You can run a bash script remotely:

ssh.script(host, '~/local/script/path', ['--script','--opts'])

note see ssh.write()'s stdio behavior. (note that I really need to fix that; script()'s caller needs to have the option of capturing stderr/out.)

You can run arbitrary large bash scripts without it being on disk or crammed into the CLI mode:

ssh(host, ['optional array of script args'], {stream: ['lots of bash']});
ssh(host, {stream: ['lines']});

NOTE stream mode takes over stdin (as well as out and err until I implement better stdio configurability)

rsync

note rsync's special behavior about whether the source path has a trailing slash.
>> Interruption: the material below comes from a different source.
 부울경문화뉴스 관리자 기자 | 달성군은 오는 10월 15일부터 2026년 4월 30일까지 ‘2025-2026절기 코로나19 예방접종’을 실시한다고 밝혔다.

If you're calling this from a CLI/terminal, note that verbosity(2) will automatically also set rsync's stdout to be your screen by forcing {inherit: true} to be on. You can disable that bit of behavior by setting {inherit} or {stdio} to anything that's not 'undefined'

ssh.rsync(host, '~/files/', '/remote/path');

write one file and set attributes

  • data can be a string, an array of strings, or a JSON-able object.
  • if you add an option of {chmod: 0600} it'll chmod the file.
  • {chown: 'user'} works in a similar fashion.
ssh.write(host, ['data'], remote_dest, {append: false, sudo: false, chmod: undefined, chown: undefined})
ssh.append(...) is the same but with {append: true} preconfigured

ssh.read(host, 'fn') returns 'raw file contents'

note: the above two do not respect {inherit} or {stdio} options, as they're overwriting those to use the file stream themselves.

test for connectivity

There's only one helper function that treats ssh connectivity problems as a resolve(true) instead of a rejection, and treats any cmd exit code as 'good enough'.
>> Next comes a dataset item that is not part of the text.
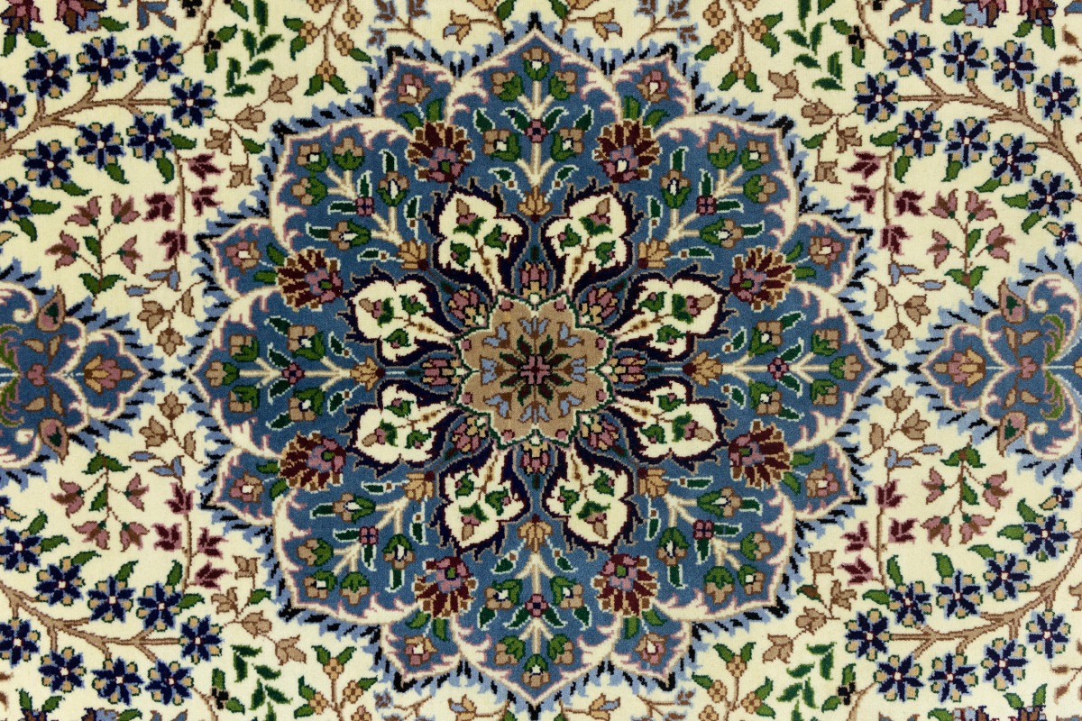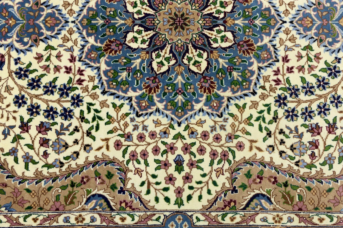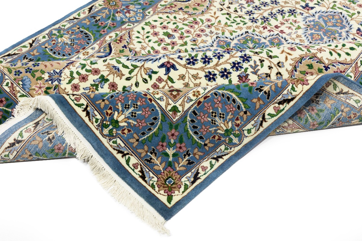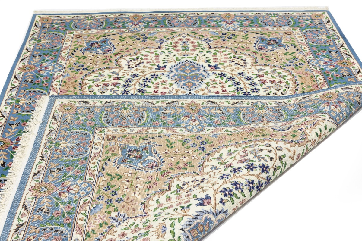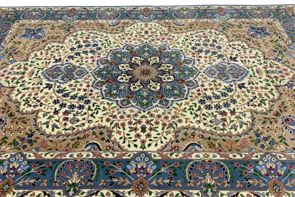Handmade 6'5X9'2 cream Oriental rug made with natural dyes (fine wool pile and cotton foundation), superior knot count, and appealing ancient designs. This Oriental rug never will go out of style and would be among your most valuable treasures.

ssh.canSshAs('xander@server'); // like all of these, it also takes {user:'xander', ip:'server'}

To save on trips to the well, it also takes a command, so that if you are connecting, you get your next question answered as well. (I use this to figure out whether apt-get or yum is the package manager.) Note that canSshAs is similar to ssh.stdout.scalar() in that your command's stdout is trimmed and returned

ssh.canSshAs('x@s', {command: 'which apt-get yum'});
// result: '/usr/bin/apt-get'

A variation on the above that addes retries: ssh.waitForReadiness(host); will try 10 times, 5 seconds between timeouts and the next try. If it ever succeeds, the default command will return the path to apt-get or yum.
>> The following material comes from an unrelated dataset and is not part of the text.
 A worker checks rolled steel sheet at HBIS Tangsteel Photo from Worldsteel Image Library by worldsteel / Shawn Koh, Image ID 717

The optional configs specific to this function are:

ssh.waitForReadiness(host, {
	tries: 10,
	retry_delay: 5,
	initial_delay: 0,
	cmd: 'which apt-get yum'
});

If you're waiting for a newly provisioned box, and know it'll be N seconds before it could be responsibe, you can pass N as initial_delay so you're not waiting attempts too early.

Silly useful shorthand notations

These all have an optional trailing {options} that supports the above fields. Some like getVersion() also support the extra fields mentioned here.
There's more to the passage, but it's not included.